Насколько чувствительны нейронные сети FF?

#machine-learning #neural-network

#машинное обучение #нейронная сеть

Вопрос:

CrossPost: https://stats.stackexchange.com/questions/103960/how-sensitive-are-neural-networks

Я знаю об обрезке и не уверен, удаляет ли она фактический нейрон или делает его вес нулевым, но я задаю этот вопрос так, как если бы процесс обрезки не использовался.

Нейронные сети с прямой связью разного размера на больших наборах данных с большим количеством шума:

  1. Возможно ли, чтобы один (или какое-то тривиальное количество) лишних ИЛИ отсутствующих скрытых нейронов или скрытых слоев создавал или разрушал сеть? Или его веса синапсов просто снизятся до нуля, если в этом нет необходимости, и компенсируют другими нейронами, если в них отсутствует один или два?
  2. При экспериментировании следует ли добавлять входные нейроны по одному или группами по X? Что такое X? С шагом 5?
  3. Наконец, должен ли каждый скрытый слой содержать одинаковое количество нейронов? Обычно это то, что я вижу в примере. Если нет, то как и почему вы бы скорректировали их размеры, если не полагаться на использование чистого эксперимента?

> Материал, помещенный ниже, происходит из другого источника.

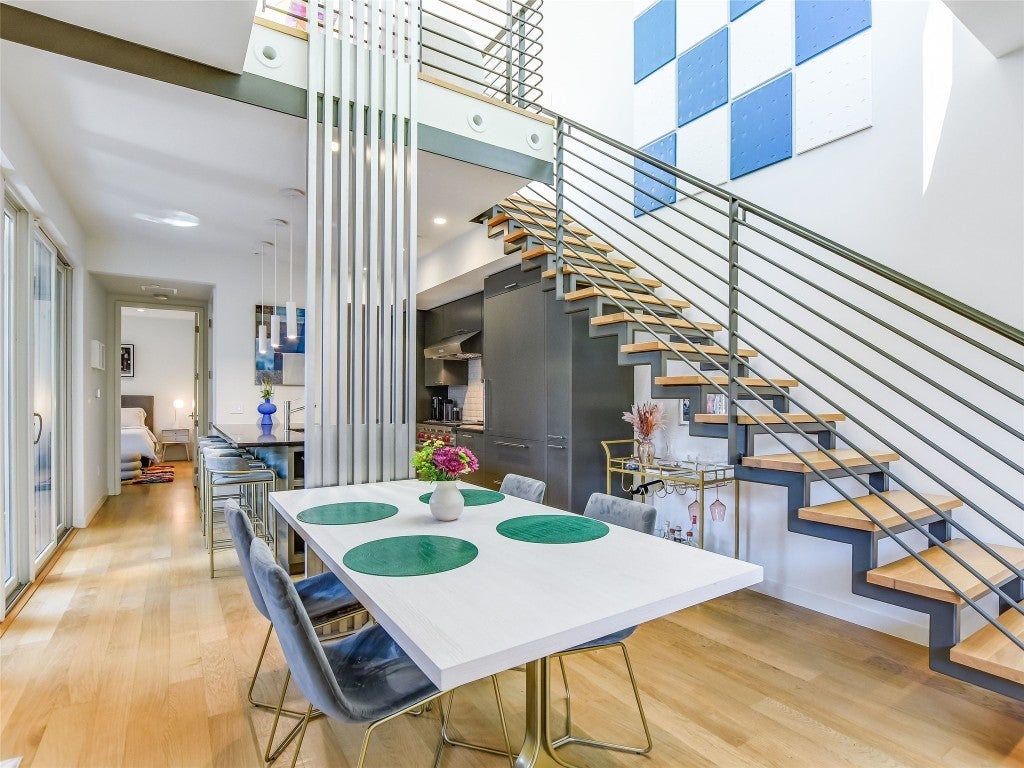 Modern, light-filled, and impeccably designed, this like-new three-story end-unit townhome offers a rare ownership opportunity in the heart of Old Enfield—one of Austin’s most established and sought-after neighborhoods. Distinctive architectural elements include custom sculptural metalwork crafted from brushed aluminum and dramatic floating staircases that set the tone for a sophisticated, contemporary living experience. The thoughtfully planned layout provides exceptional privacy, with the primary suite located on the first level and a separate third-floor secondary or guest suite, ideal for visiting family, guests, or a dedicated home office. High-end finishes are featured throughout, including white oak flooring, honed granite countertops, designer fixtures, and premium appliances such as a Wolf range, Sub-Zero refrigerator and Miele washer/dryer set. Unit D also offers a covered patio and gated private yard with low-maintenance turf, creating a seamless indoor-outdoor lifestyle. From the upper level, enjoy unobstructed views of Downtown Austin, an increasingly rare feature in this historic central neighborhood. Additional highlights include covered parking and pre-wiring for a private electric vehicle charging station. The location delivers unmatched walkability to top dining, neighborhood markets, and some of Austin’s most loved green spaces, including Pease Park and the Shoal Creek hike-and-bike trail. A true lock-and-leave residence that combines modern design, privacy, and location. This is an exceptional opportunity to own in Old Enfield.

Я бы предпочел переусердствовать и дольше ждать конвергенции, чем если бы более крупные сети адаптировались к решению. Я перепробовал множество конфигураций, но по-прежнему сложно определить оптимальную.

Ответ №1:

1) Да, абсолютно. Например, если у вас слишком мало нейронов в вашем скрытом слое, ваша модель будет слишком простой и с большим уклоном. Аналогично, если у вас слишком много нейронов, ваша модель будет перегружена и будет иметь высокую дисперсию. Добавление большего количества скрытых слоев позволяет моделировать очень сложные проблемы, такие как распознавание объектов, но есть много хитростей, чтобы заставить добавление дополнительных скрытых слоев работать; это известно как область глубокого обучения.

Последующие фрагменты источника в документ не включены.